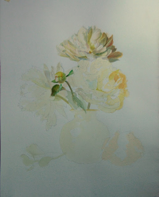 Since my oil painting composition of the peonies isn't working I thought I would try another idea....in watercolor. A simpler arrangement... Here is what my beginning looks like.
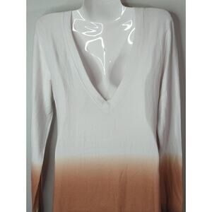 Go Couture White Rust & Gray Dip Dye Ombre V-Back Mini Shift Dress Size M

...

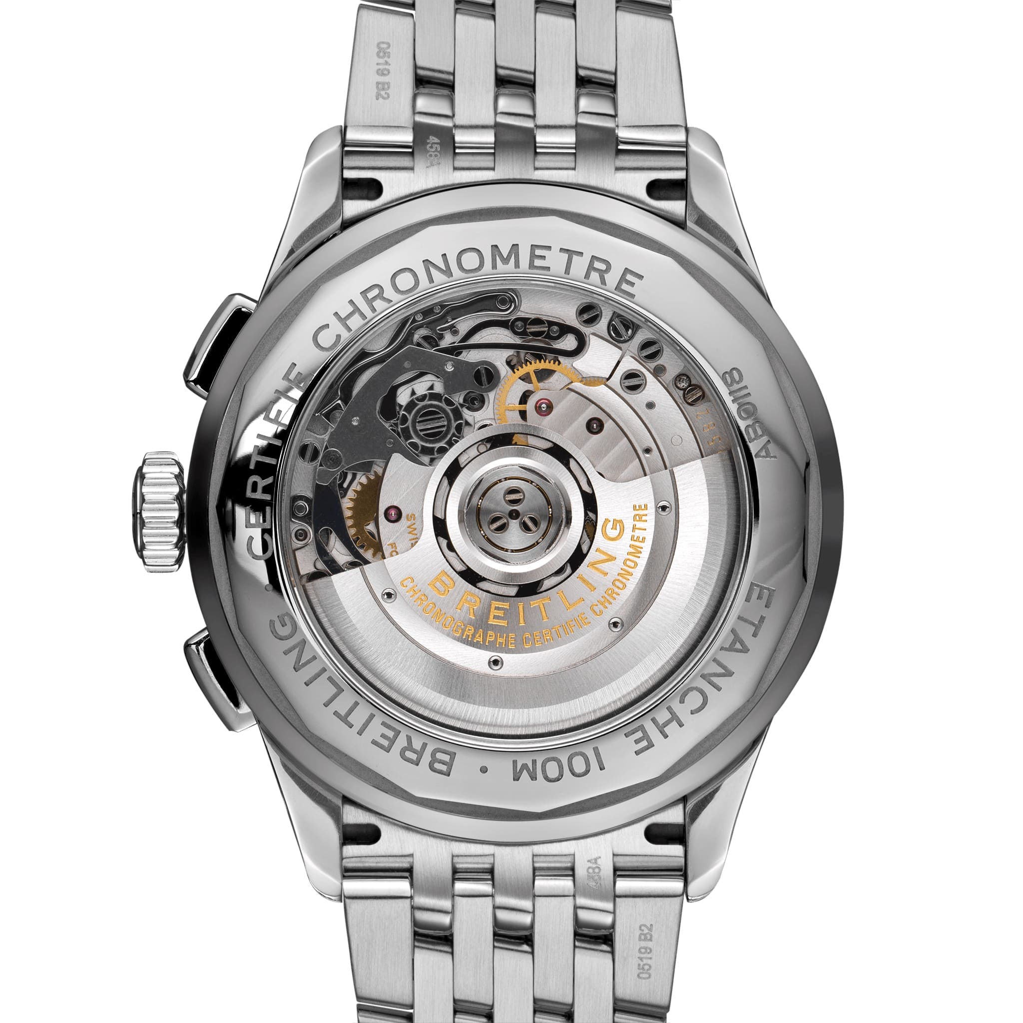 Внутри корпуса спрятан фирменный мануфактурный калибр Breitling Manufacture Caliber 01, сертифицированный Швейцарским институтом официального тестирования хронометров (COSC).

__Prompt__.
In the listing above, find the line with "Since my oil" and the line with "Go Couture White". Output both, plus every line between them, and no pictures.

__Reply__.
 Since my oil painting composition of the peonies isn't working I thought I would try another idea....in watercolor. A simpler arrangement... Here is what my beginning looks like.
 Go Couture White Rust & Gray Dip Dye Ombre V-Back Mini Shift Dress Size M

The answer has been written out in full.